Spray type sprinklers are usually only used for watering smaller areas. Rotor type sprinklers pioneered by Edwin J. Hunter of Hunter Industries, Inc. have largely supplanted impact drive sprinklers for watering larger areas, particularly golf courses and playing fields. Rotor type sprinklers are quieter, more reliable and distribute a relatively precise amount of precipitation more uniformly over a more accurately maintained sector size.

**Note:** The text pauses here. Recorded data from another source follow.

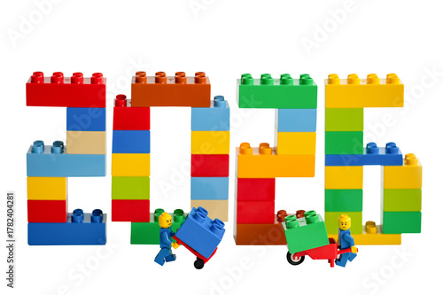 © Юлия Васильева, Naklejka premium The numbers 2026 made from different colored Lego bricks and workers on a white background.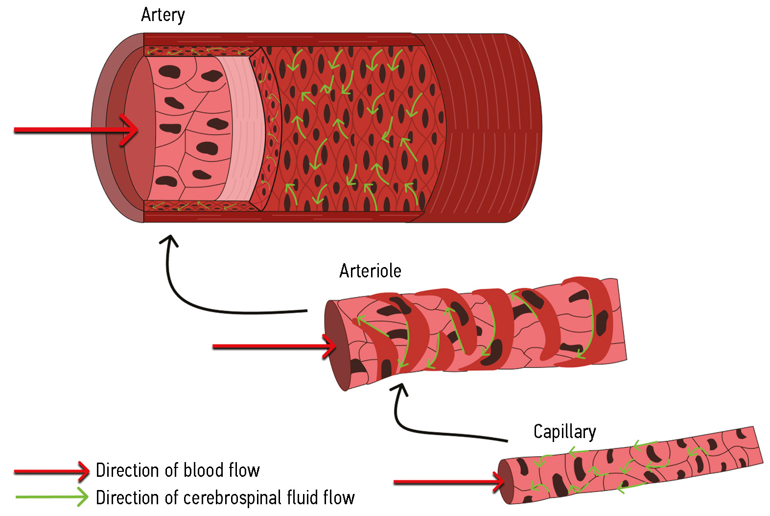 Fig. 3. Cerebrospinal fluid flow through perivascular spaces: the direction of cerebrospinal fluid flow is opposite to that of blood flow; cerebrospinal fluid flow moves along the basal membranes between endothelial cells of capillaries, single smooth muscle cells of arterioles, and between layers of smooth muscle cells in arteries. Original illustration by the authors.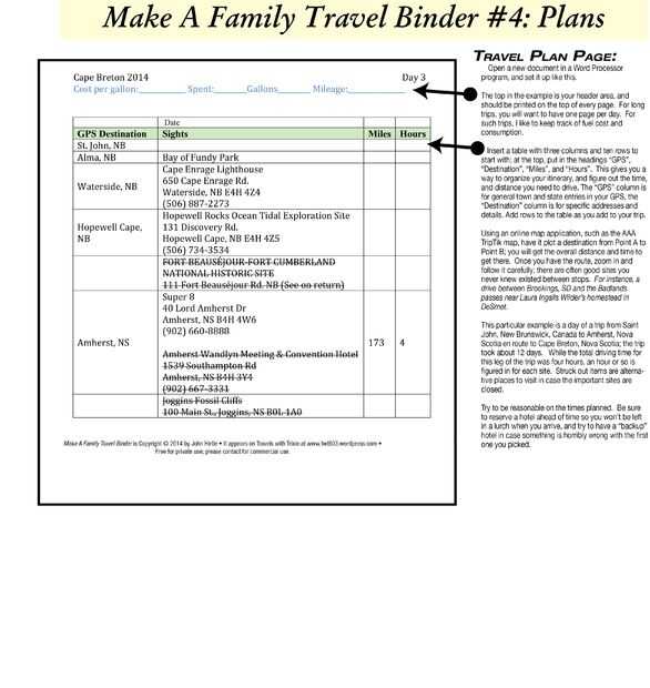 Este ejemplo en particular es un día de un viaje desde San Juan, Nuevo Brunswick, Canadá a Amherst, Nueva Escocia en el camino a Cape Breton, Nueva Escocia; el viaje tomó cerca de 12 días. Mientras que el total de tiempo para esta etapa del viaje fue de cuatro horas, una hora más o menos es figurado en cada sitio. Ponchó a artículos son lugares alternativos en caso de que los sitios importantes están cerrados.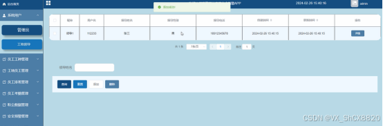 管理员点击“工地员工”会显示出所有的工地员工信息,支持输入员工姓名或者员工性别对工地员工信息进行查询,可以选择某一条工地员工信息,点击“删除”进行删除,也可以点击后面的“排班”“考勤”按钮对工地员工的排班/考勤信息进行更新维护,具体的实现界面如下图:

Both spray type and rotor type sprinklers employ an extensible riser which pops up out of a fixed outer housing when water pressure is applied. The riser has a nozzle from which water is distributed. In rotor type sprinklers the nozzle is located in a rotating head or turret mounted at the upper end of the riser. The tiny orifices in spray type sprinkler nozzles are highly susceptible to clogging by dirt and other debris. The riser of a rotor type sprinkler incorporates a turbine which drives the rotating head via a gear train reduction, reversing mechanism and arc adjustment mechanism. Rotor type sprinklers used on golf courses sometimes include an ON/OFF diaphragm valve in the base thereof which is pneumatically or electrically controlled. The diaphragm valves and turbines of rotor type sprinklers are highly susceptible to damage by dirt and other debris.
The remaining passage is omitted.